## ACTION ITEM
Going through the material below, output exactly the lines from the one containing "Im April 2023" through the one containing "Ez 15 x 8-as", and no pictures.

## EXTRACTED ENTRIES
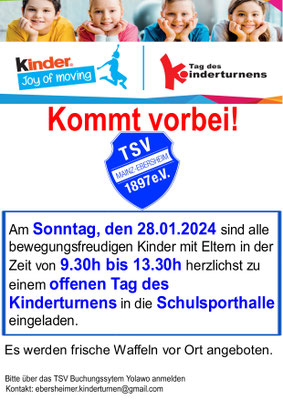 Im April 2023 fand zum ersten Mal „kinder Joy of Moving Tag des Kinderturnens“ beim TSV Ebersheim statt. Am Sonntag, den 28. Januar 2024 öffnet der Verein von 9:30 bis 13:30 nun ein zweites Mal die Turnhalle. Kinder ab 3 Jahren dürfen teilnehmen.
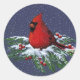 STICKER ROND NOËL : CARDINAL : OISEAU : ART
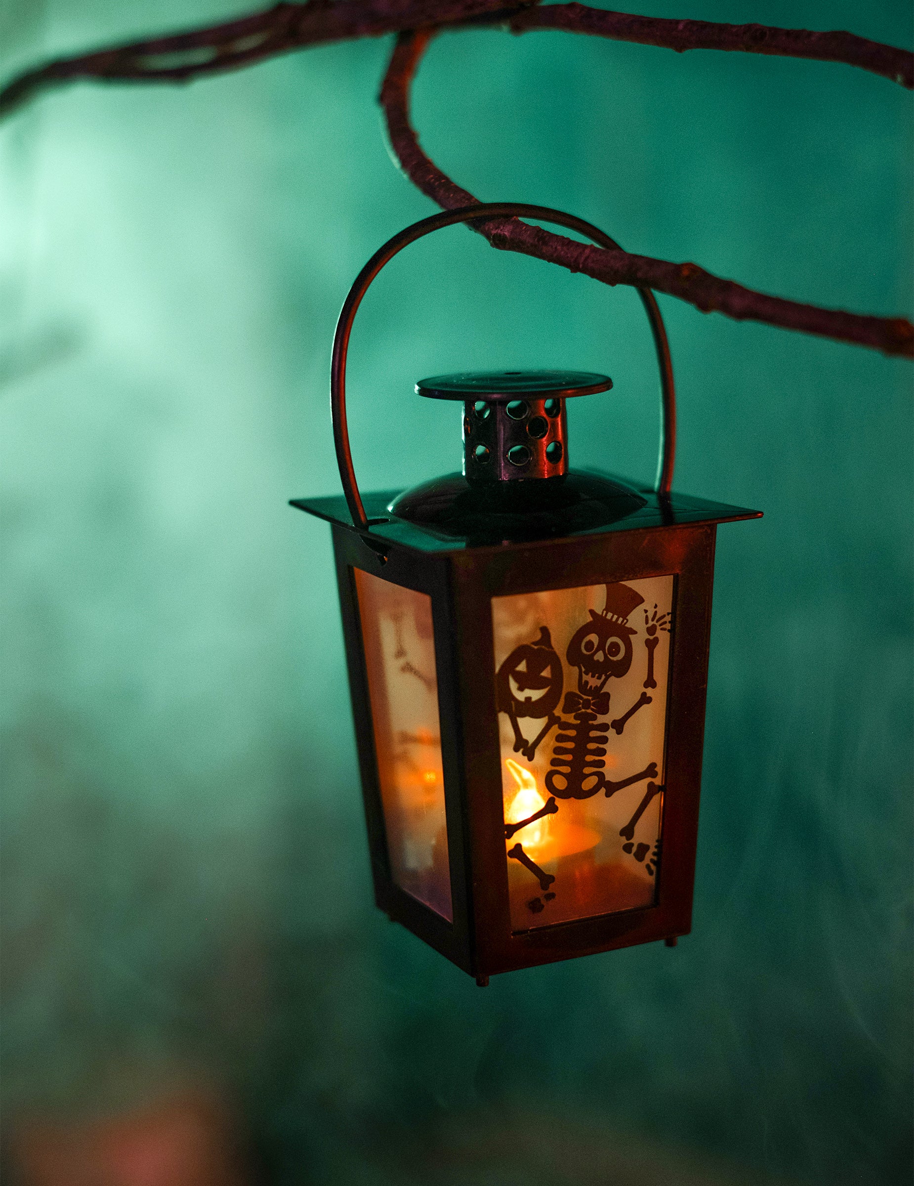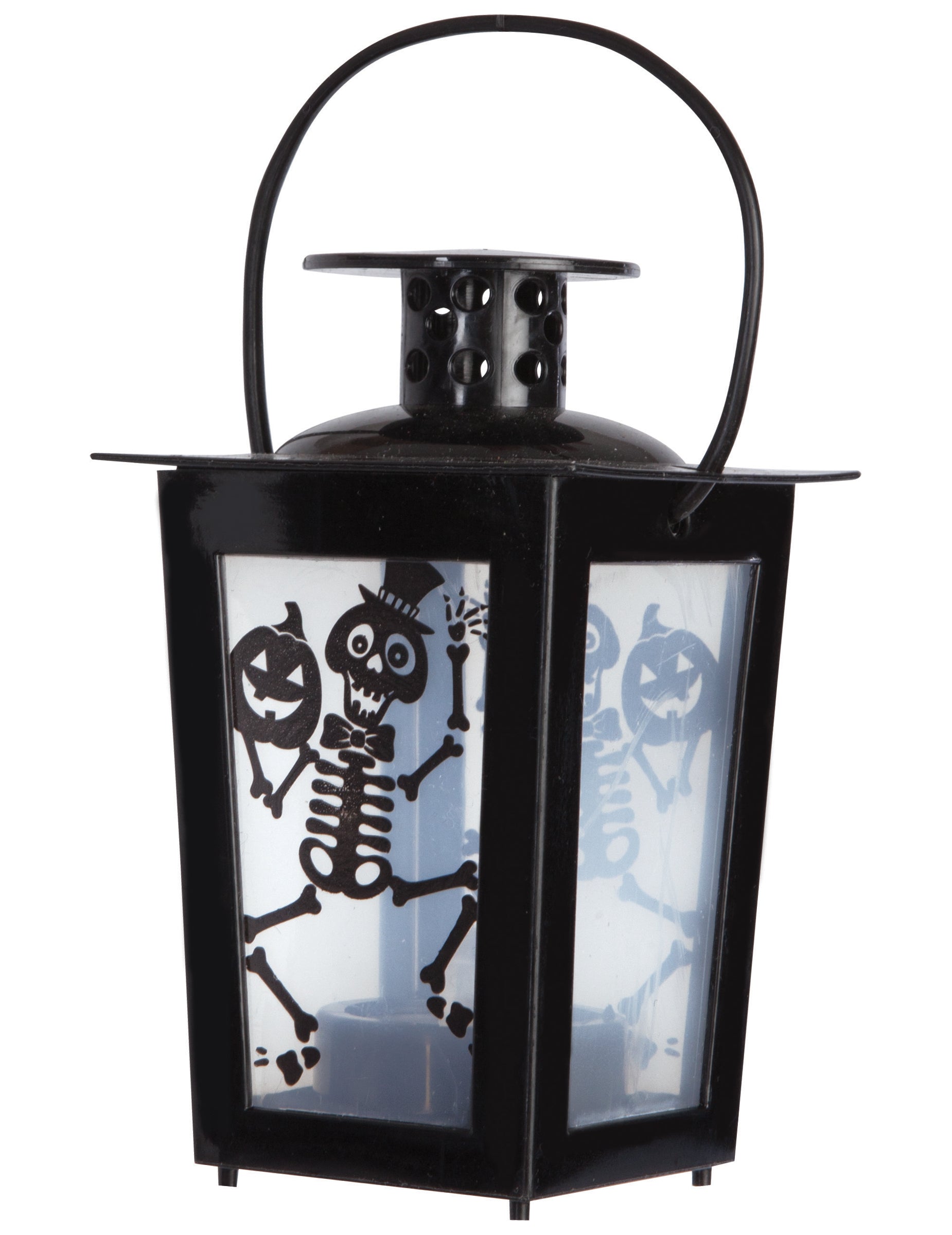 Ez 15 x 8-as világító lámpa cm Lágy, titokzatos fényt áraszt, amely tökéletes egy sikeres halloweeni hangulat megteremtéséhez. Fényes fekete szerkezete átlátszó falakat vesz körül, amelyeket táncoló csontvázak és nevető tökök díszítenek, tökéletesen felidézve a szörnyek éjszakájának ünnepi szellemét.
==
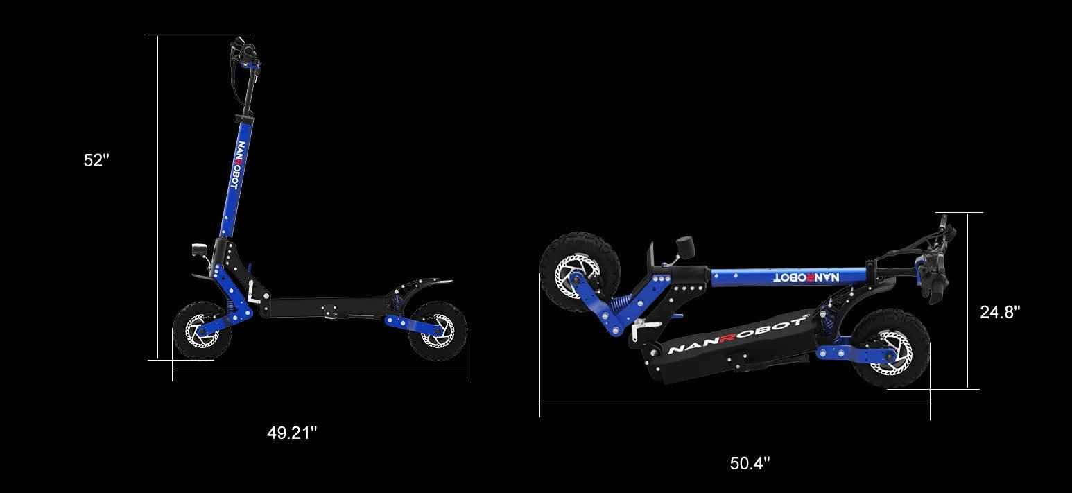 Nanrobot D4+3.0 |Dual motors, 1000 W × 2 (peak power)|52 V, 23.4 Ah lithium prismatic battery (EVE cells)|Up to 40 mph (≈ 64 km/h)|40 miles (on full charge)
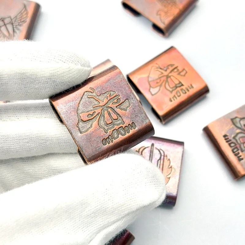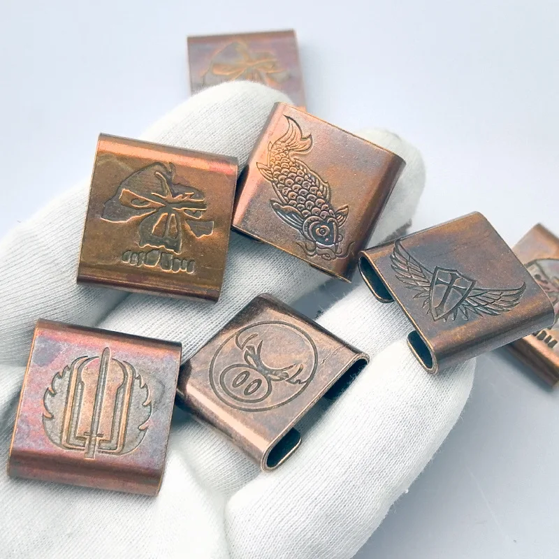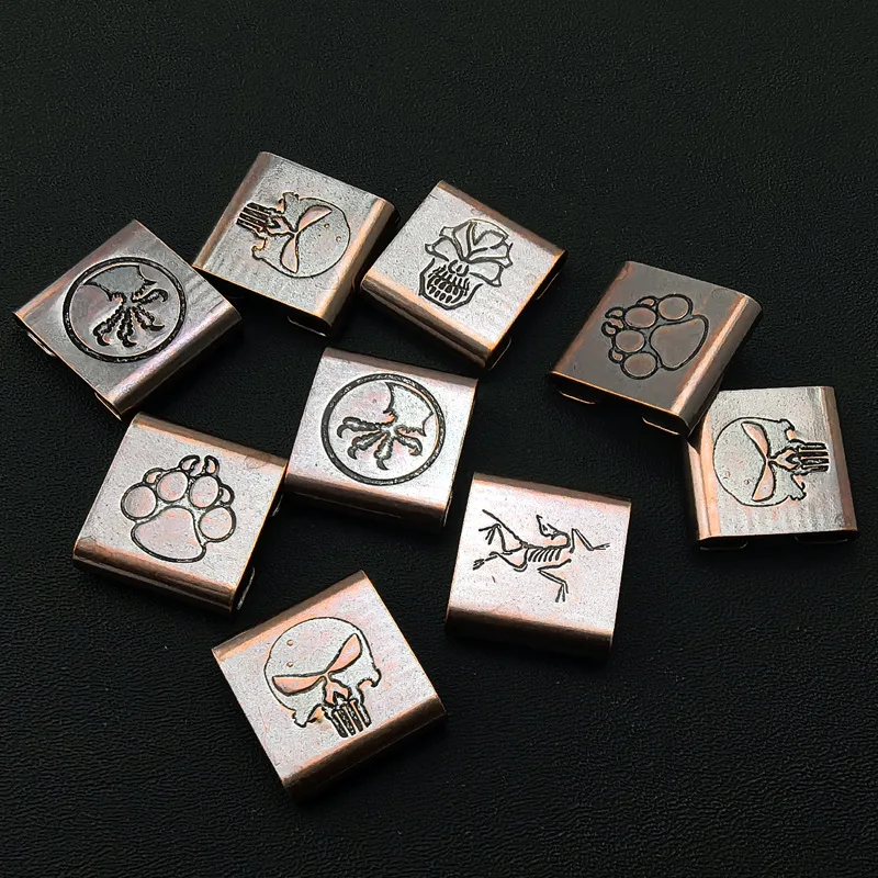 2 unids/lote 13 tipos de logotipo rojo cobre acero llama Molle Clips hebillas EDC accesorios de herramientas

## ANSWER TO THIS EXERCISE
 Im April 2023 fand zum ersten Mal „kinder Joy of Moving Tag des Kinderturnens“ beim TSV Ebersheim statt. Am Sonntag, den 28. Januar 2024 öffnet der Verein von 9:30 bis 13:30 nun ein zweites Mal die Turnhalle. Kinder ab 3 Jahren dürfen teilnehmen.
 STICKER ROND NOËL : CARDINAL : OISEAU : ART
 Ez 15 x 8-as világító lámpa cm Lágy, titokzatos fényt áraszt, amely tökéletes egy sikeres halloweeni hangulat megteremtéséhez. Fényes fekete szerkezete átlátszó falakat vesz körül, amelyeket táncoló csontvázak és nevető tökök díszítenek, tökéletesen felidézve a szörnyek éjszakájának ünnepi szellemét.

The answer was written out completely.